The Ninth Circuit Court of Appeals recently ruled that under the Fourth Amendment, in the absence of a warrant, an employer could consent to a governmental search of an employee’s office and workplace computer without the employee’s knowledge or consent. United States v. Ziegler, No. 05-30177 (9th Cir. 1/30/07).
In Ziegler, the employer discovered that an employee, Ziegler, had accessed child pornography websites from his workplace computer. In the course of an investigation by the FBI, the employer voluntarily (without a warrant) turned over Ziegler’s hard drive and a copy of the hard drive to the FBI. Ziegler brought a motion to suppress the evidence obtained from the search of his workplace computer on the ground that it was obtained in violation of the Fourth Amendment.

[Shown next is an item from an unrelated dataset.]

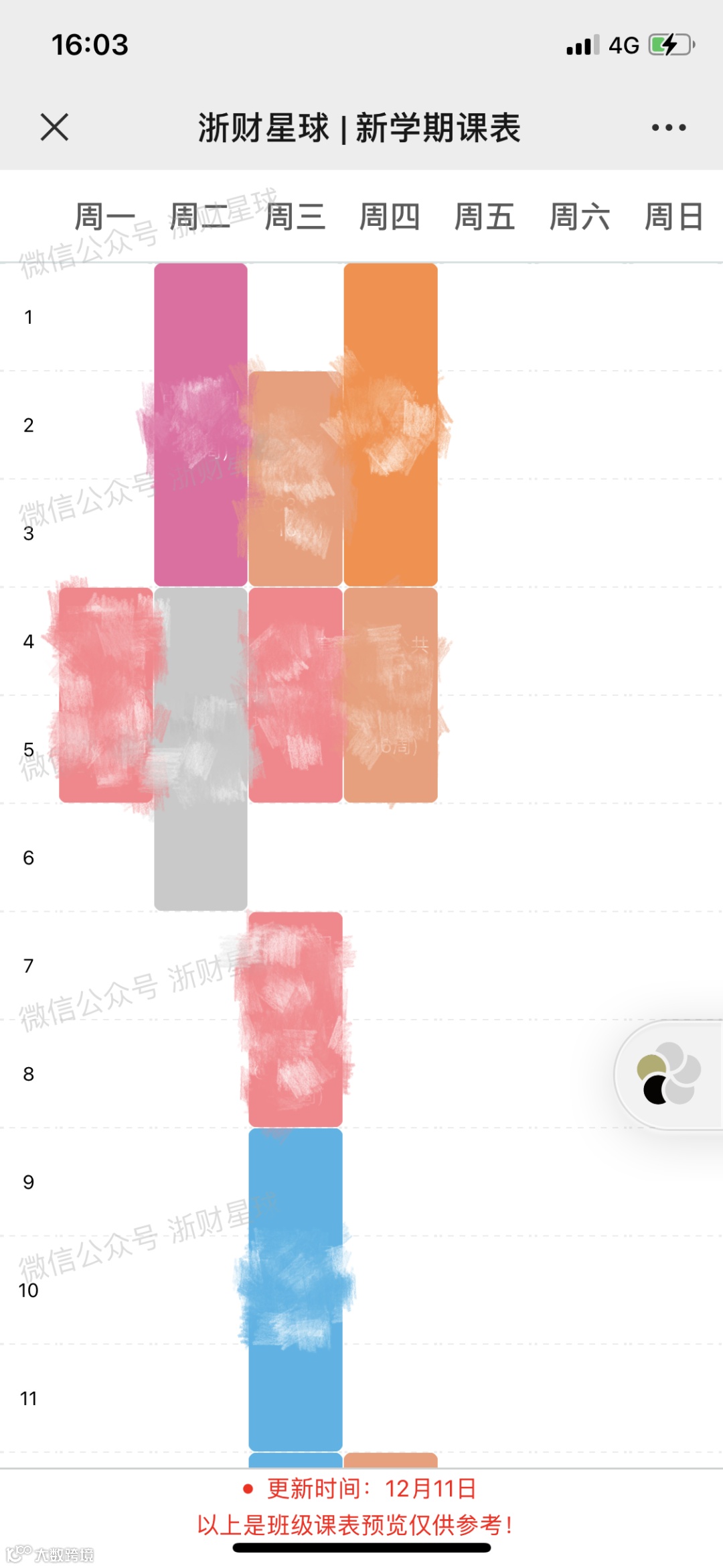 新学期课表陆续发布

While the Ninth Circuit determined that Ziegler had a reasonable expectation of privacy in his workplace and office computer, they concluded that the search at issue complied with the Fourth Amendment because proper consent for the search had been obtained. The Court observed that consent may be given by the defendant, but may also be “obtained from a third party who possessed common authority over or other sufficient relationship to the premises or effects sought to be inspected.” (citing U.S. v. Matlock, 415 U.S. 164, 171 (1974)). The Court determined that the employer could give valid consent to search the hard drive of Ziegler’s workplace computer because “the computer is the type of workplace property that remains within the control of the employer ‘even if the employee has placed personal items in [it].'”
In Ziegler, the employer advised its employees in training and through its employment manual that the company monitored internet access, and the company did in fact regularly monitor employee internet access. The employees were also advised that the the computers were owned by the company and not to be used for personal activities. Under these circumstances, the Court held that Ziegler could not have reasonably expected that the computer was his personal property, over which the employer had no control. The fact that the hard drive also contained personal items did not destroy the employer’s “common authority” over the computer.